The show presents vehicles as markers of city life. Burned vans, tagged trucks, crowded RVs and idle food trucks stand in for the people who inhabit them. Although no figures appear, the presence of workers, commuters and residents is strongly felt. Gonzalez Jr. treats each vehicle as a portrait of survival, time and memory.
The exhibition begins with two large-scale sculptures that resemble makeshift “No Parking” barriers and signage. Their rough paint and dirt recall both ancient structures and modern street detritus. Three nearby paintings reduce the metro landscape into meditations on texture and form.

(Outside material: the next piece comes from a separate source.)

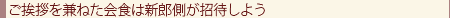これから親戚になる親たちは、挨拶の必要性を感じてるもの。形式的には新郎側がお招きし、日時を設定して、両家で会食という流れがおすすめ。

In the main gallery, a 10-panel installation stretches across two walls. A spray-painted line links the canvases, echoing the rhythm of a mural. Works such as Medrano, a burned van beneath a mural of Michelangelo’s “Creation of Adam, and Tocco,” a fire-ravaged Porsche on the Malibu coast, highlight how cars become both relics and witnesses.
A trained sign painter, Gonzalez Jr. embraces imperfections with brush marks, spray streaks and layered textures that capture Los Angeles as a city of endurance, scars and fading traces.